Use Case 3: Dual-Stream Join for Traffic Data

"Dual-stream JOIN" refers to joining two real-time data streams on a common key to combine and analyze data from both sources. YMatrix stream computing supports incremental JOIN operations on newly arriving data. We will demonstrate this using a real-time traffic monitoring scenario, where joining vehicle flow and accident counts enables rapid road condition assessment and early warning based on predefined thresholds.


Table Structure

  • dwd_traffic_flow: Traffic volume data

    Field Description
    id Road ID
    road_n Vehicle count
  • dwd_traffic_event: Accident data

    Field Description
    id Road ID
    traf_n Number of accidents
  • dws_stream_trafficinfo_total: Joined traffic data table

    Field Description
    id Road ID
    road_n Vehicle count
    traf_n Number of accidents

--- SPLIT ---

Operations

  1. First, create table dwd_traffic_flow and table dwd_traffic_event to store data streams for road traffic volume and traffic incidents, respectively.

     CREATE TABLE dwd_traffic_flow (
         id int,
         road_n int
     )
     DISTRIBUTED BY (id);
     CREATE INDEX ON dwd_traffic_flow (id);
    
     CREATE TABLE dwd_traffic_event (
         id int,
         traf_n int
     )
     DISTRIBUTED BY (id);
     CREATE INDEX ON dwd_traffic_event (id);
  2. Next, create stream dws_stream_trafficinfo_total, defined as a streaming JOIN between table dwd_traffic_flow and table dwd_traffic_event. This means the stream result updates in real time whenever either the road traffic data or incident data changes.

     CREATE STREAM dws_stream_trafficinfo_total(id, road_n, traf_n)
     AS (
         SELECT
             dwd_traffic_flow.id,
             dwd_traffic_flow.road_n,
             dwd_traffic_event.traf_n
         FROM STREAMING ALL dwd_traffic_flow
         INNER JOIN STREAMING ALL dwd_traffic_event
             ON dwd_traffic_flow.id = dwd_traffic_event.id
     ) PRIMARY KEY (id);
  3. Analyze and query the results. Use data from table dws_stream_trafficinfo_total to identify traffic patterns and predict congestion. Issue alerts when traffic volume exceeds a threshold or when incidents occur.

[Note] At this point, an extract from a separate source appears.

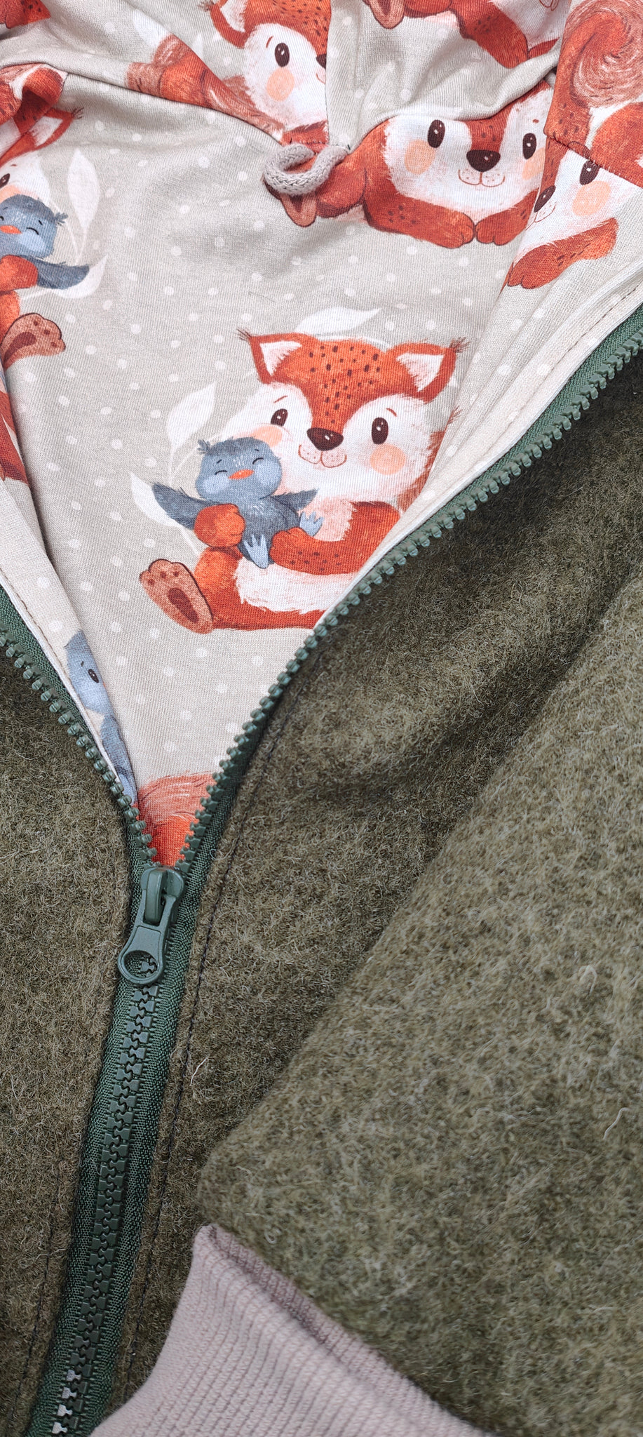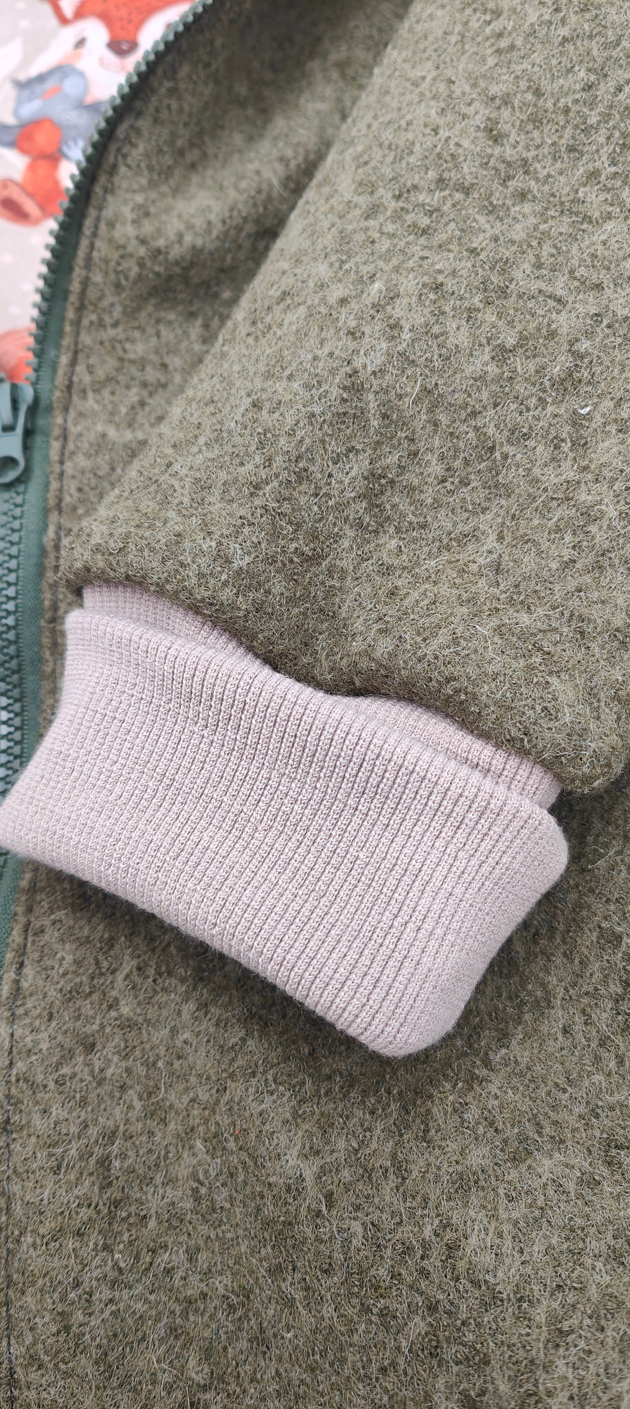 Da der Mantel aus Walk (100% Schurwolle) angefertigt wird, ist er temperaturregulierend. Er schirmt an kälteren Tagen super von der Kälte ab, verhindert jedoch auch das Schwitzen des Kindes an wärmeren Tagen. Gefüttert wird der Mantel mit dünnem Jersey. Dieser ist angenehm auf der Haut des Kindes.

  • Insert one record into each of table dwd_traffic_flow and table dwd_traffic_event.

      INSERT INTO dwd_traffic_flow VALUES (1, 80);
    
      INSERT INTO dwd_traffic_event VALUES (2, 3);
  • Query the stream table dws_stream_trafficinfo_total. Since no matching keys exist for the two-stream JOIN, no results appear in table dws_stream_trafficinfo_total.

      SELECT * FROM dws_stream_trafficinfo_total;
    
       id | road_n | traf_n
      ----+--------+--------
      (0 rows)
  • Insert two additional records into each of table dwd_traffic_flow and table dwd_traffic_event.

      INSERT INTO dwd_traffic_flow VALUES (2, NULL), (3, 100);
    
      INSERT INTO dwd_traffic_event VALUES (1, 5), (3, NULL);
  • Query the stream table dws_stream_trafficinfo_total. Stream dws_stream_trafficinfo_total performs incremental computation on the new data and returns the latest two-stream JOIN results.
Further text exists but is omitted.